新NISAで連続増配株を買うという考え方|配当非課税との相性を分かりやすく説明します

新NISAと連続増配株 連続増配株の基礎知識

最終更新日:2026年7月23日

増える配当を、非課税で受け取る

こんにちは。10年以上連続増配株の情報を発信している桃モアイです。

通常、株の配当には約20%の税金がかかります。配当が1万円なら、手取りは約8千円です。新NISAの口座で買った株なら、この税金がかかりません。配当をまるごと受け取れます。

そして連続増配株は、持ち続けるほど配当が増えていく株です。「増え続ける配当」と「非課税」の組み合わせがどう効くのか。この記事では、新NISAのしくみと連続増配株との相性、使ううえでの注意点を説明します。


新NISAのしくみをおさらい

新NISAは2024年に始まった制度で、投資の利益(値上がり益・配当)が非課税になる口座です。非課税で持てる期間に期限はありません。枠は2種類あります。

  つみたて投資枠 成長投資枠
年間の上限 120万円 240万円
買えるもの 基準を満たした投資信託など 個別株・投資信託・ETFなど
連続増配株(個別株) 買えない 買える

2つの枠は併用でき、合計で年間360万円まで投資できます。生涯の非課税枠は合計1,800万円(うち成長投資枠は1,200万円まで)です。売却すると、その分の枠は翌年に復活します。

ポイントは、連続増配株のような個別株を買えるのは成長投資枠だけということです。制度は2026年度の税制改正でも拡充の方向で見直されていますが、この基本のしくみは変わっていません。


連続増配株との相性がよい2つの理由

第一の理由は、配当の非課税が「増配のたびに」効いてくることです。課税口座では、配当が増えるほど引かれる税金も増えます。新NISAなら、増えた配当をそのまま受け取れます。連続増配株は買ったときの株価に対する利回り(YOC)が年々育っていく株なので、配当が育つほど非課税の恩恵も大きくなっていきます。

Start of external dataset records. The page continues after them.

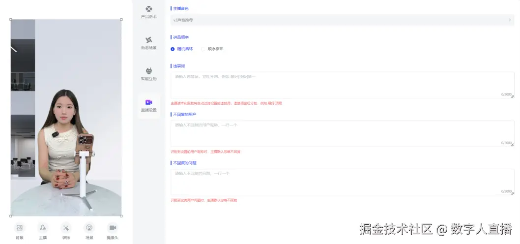 关键词互动:当直播间的用户评论触及预设关键词时,数字人主播会立即进行1V1的自动回复。
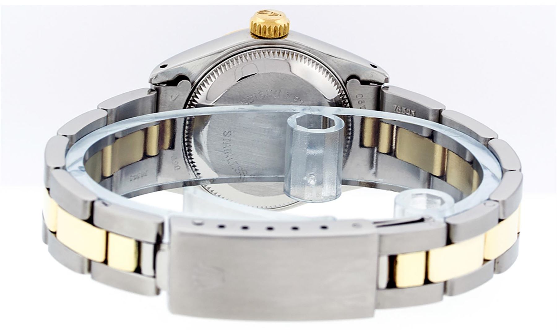 One Ladies Two Tone Rolex Datejust Polished, Serviced & Electronically Tested, Yellow Gold & Stainless Steel Case: 26mm, Yellow Gold Crown, Bezel: Yellow Gold Fluted Bezel. Custom Crystal: New Acrylic Cyclops Lens. Custom Hands: Custom Luminescent Hands.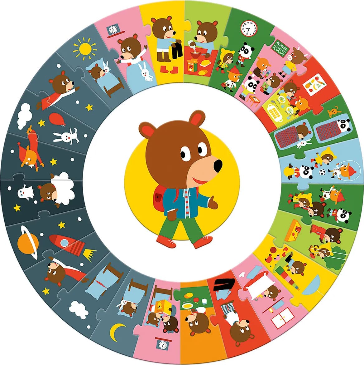 Главный герой пазла — забавный мишка, который делится с малышом своими впечатлениями и событиями за день, знакомит с обычным распорядком дня. Ваш ребёнок с радостью повторит времена суток, вспомнит, чем же он сам занимался вчера и построит план дел на сегодня.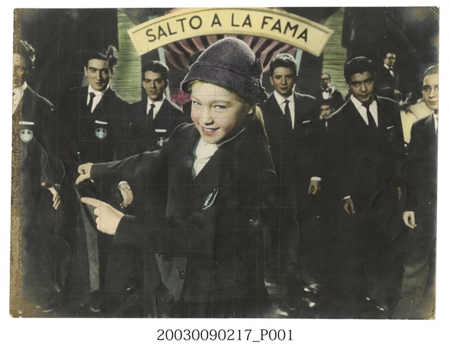 西班牙電影《不如歸續集》在臺灣發行的手繪上色劇照,照片上為西班牙小女主角瑪麗莎(Marisol)正面帶微笑對著鏡頭載歌載舞的模樣,背後有多位年輕男子伴唱及伴舞,而背板上"SALTO A LA FAMA"等字樣,推測可能是電視歌曲競賽秀的場景。
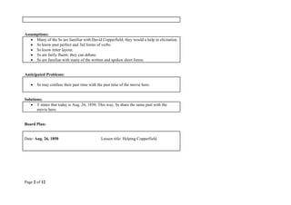 This document outlines a 60-minute English lesson plan aimed at helping students use the third conditional to talk about an imaginary past and write sentences describing the fictional past of the main character in David Copperfield. The lesson includes a warmer discussing the character's problems, a presentation on third conditional grammar forms, a controlled practice activity completing sentences in the grammar forms, a listening activity to identify short grammar forms, and production activities where students write letters to the character and participate in a debate about positive versus negative thinking.

第二の理由は、非課税期間が無期限であることです。連続増配株投資は、10年・20年と持ち続けて配当を育てる長期投資です。旧NISAのように非課税期間が5年で終わる制度では、この投資法と噛み合いませんでした。無期限になった新NISAは、時間を味方につける投資と同じ方向を向いています。


使ううえでの注意点

相性のよさだけでなく、知っておきたい点が3つあります。

第一に、配当を非課税にするには口座の設定が必要です。配当の受け取り方法を「株式数比例配分方式」(証券口座で受け取る方式)にしていないと、NISA口座の株でも配当に課税されてしまいます。銀行振込や郵送での受け取りを選んでいる方は、証券会社の設定画面で確認してみてください。ここは見落としやすい重要ポイントです。

第二に、損失が出たときの救済がありません。NISA口座の損失は、課税口座の利益と相殺(損益通算)できず、翌年への繰り越しもできません。

第三に、非課税でもリスクは同じです。NISAはあくまで税金の制度で、株価の変動や減配のリスクが減るわけではありません。連続増配も過去の実績であり、将来の保証ではありません。だからこそ、増配を続ける力があるかを財務面から確かめることが大切です。その確認方法は8指標分析とは?で説明しています。


私の使い方

参考までに、私自身の使い方です。私は新NISAの成長投資枠で、8指標で確認した連続増配株を毎月少しずつ買い集めています。一度に大きく買わないのは、高値づかみを避けたいのと、無理のない金額で長く続けることを優先しているためです。

実際の保有銘柄と損益はポートフォリオで毎月公開しています。よければ実例として参考にしてください。


まとめ:長期の増配投資と方向が合う制度

新NISAの成長投資枠で連続増配株を買うと、育っていく配当を無期限で非課税のまま受け取れます。長期でコツコツ配当を育てる投資と、方向のよく合う制度です。

ただし、株式数比例配分方式の設定と、損益通算ができない点は押さえておいてください。銘柄選びは10年以上連続増配株一覧財務指標優良銘柄一覧から。これから口座を開く方は、楽天証券とSBI証券どっちで始める?で口座まわりの選び方をまとめています。


※本記事は情報提供を目的としており、特定の銘柄への投資や特定の口座の開設を勧めるものではありません。制度の詳細は金融庁・各証券会社の最新情報をご確認ください。投資は自己責任のもとで行ってください。